- _EXERCISE_
Please print, exactly, only the lines in the entries below from the line that has "폭탄처럼 솟은 계란찜을 보실 수 있습니다." through the line that has "Száraz és vizes". Pictures don't go in.

- _DATA IN THIS EXERCISE_

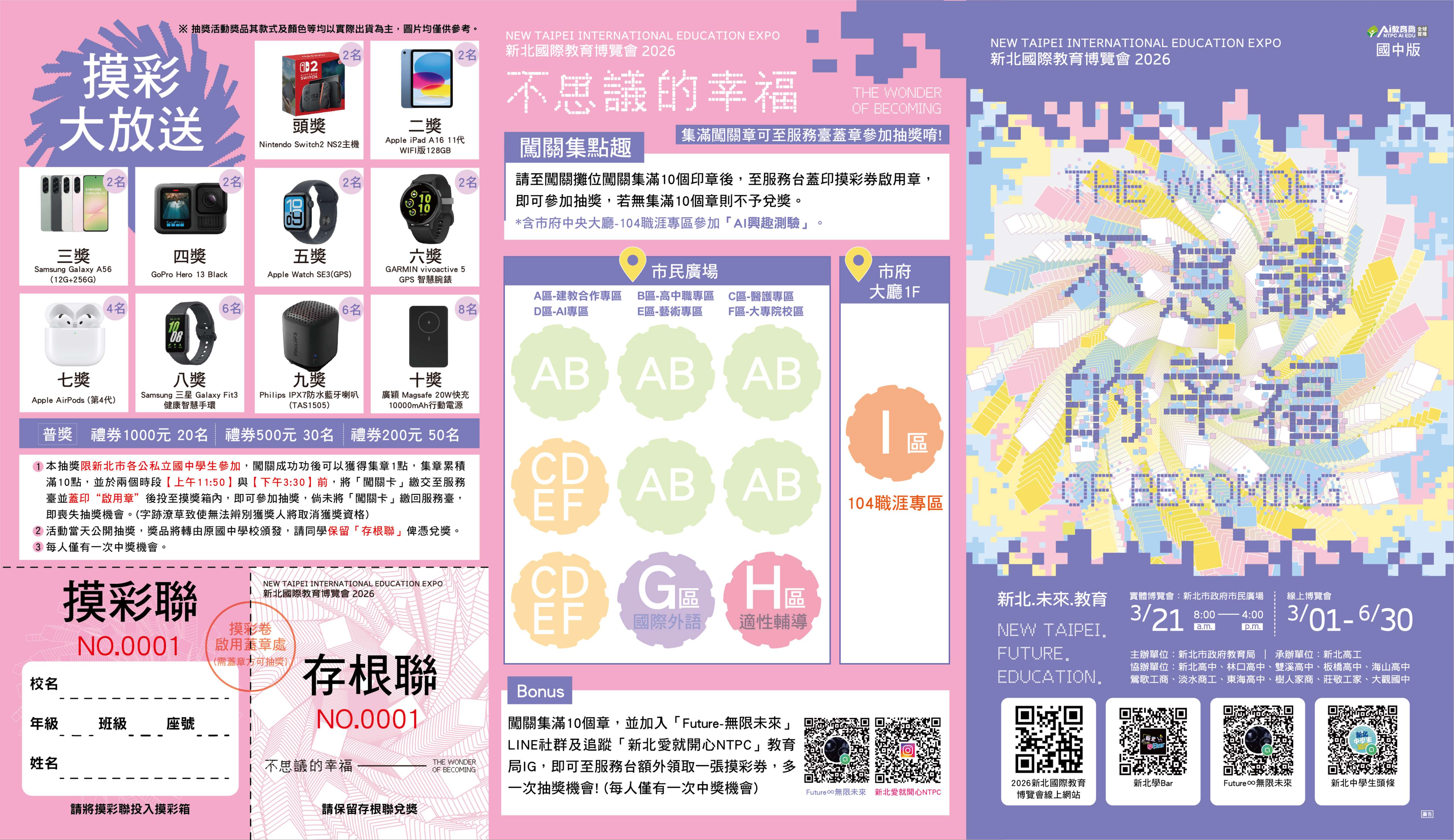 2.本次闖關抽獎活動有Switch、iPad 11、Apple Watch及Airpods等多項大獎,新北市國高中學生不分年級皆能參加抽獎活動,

--

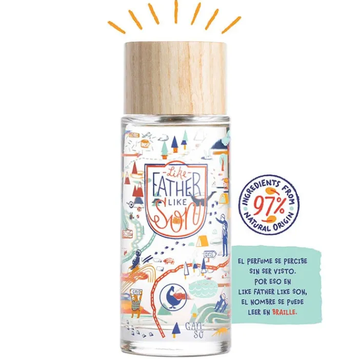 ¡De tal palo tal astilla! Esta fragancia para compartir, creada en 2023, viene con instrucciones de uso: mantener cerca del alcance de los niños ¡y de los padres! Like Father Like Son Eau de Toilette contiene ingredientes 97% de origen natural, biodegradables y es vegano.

...

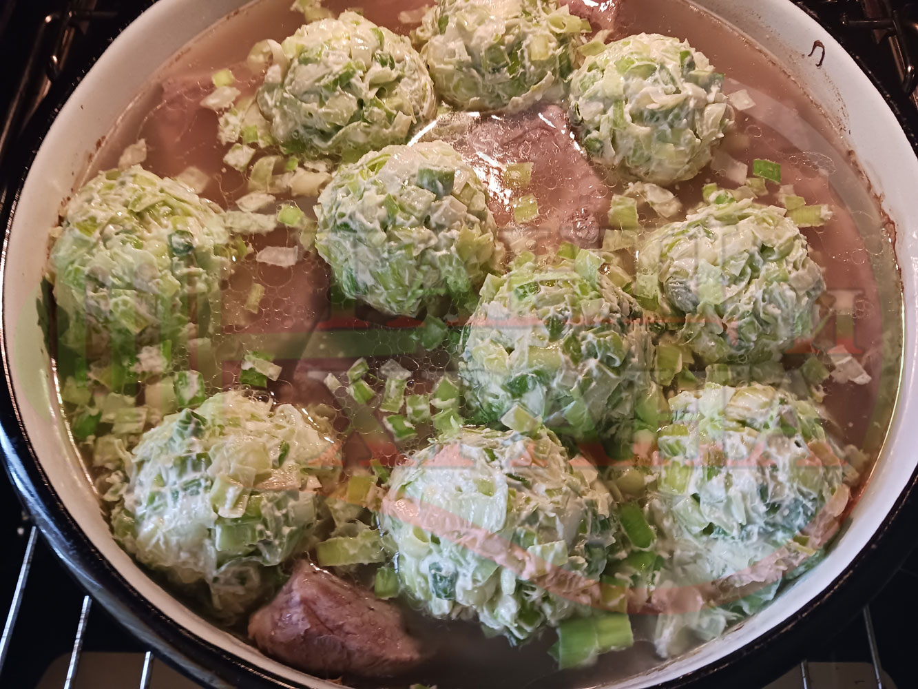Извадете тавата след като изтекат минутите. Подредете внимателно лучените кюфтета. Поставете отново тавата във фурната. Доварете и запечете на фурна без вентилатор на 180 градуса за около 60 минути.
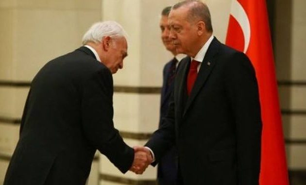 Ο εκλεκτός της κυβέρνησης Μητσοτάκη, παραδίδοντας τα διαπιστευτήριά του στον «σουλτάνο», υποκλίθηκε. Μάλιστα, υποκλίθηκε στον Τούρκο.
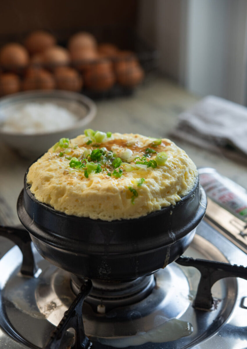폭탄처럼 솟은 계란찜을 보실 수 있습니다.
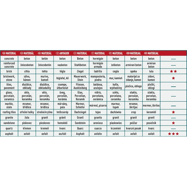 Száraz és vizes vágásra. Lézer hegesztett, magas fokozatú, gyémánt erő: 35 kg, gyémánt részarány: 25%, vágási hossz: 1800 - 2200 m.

- _ANSWER SECTION_
폭탄처럼 솟은 계란찜을 보실 수 있습니다.
 Száraz és vizes vágásra. Lézer hegesztett, magas fokozatú, gyémánt erő: 35 kg, gyémánt részarány: 25%, vágási hossz: 1800 - 2200 m.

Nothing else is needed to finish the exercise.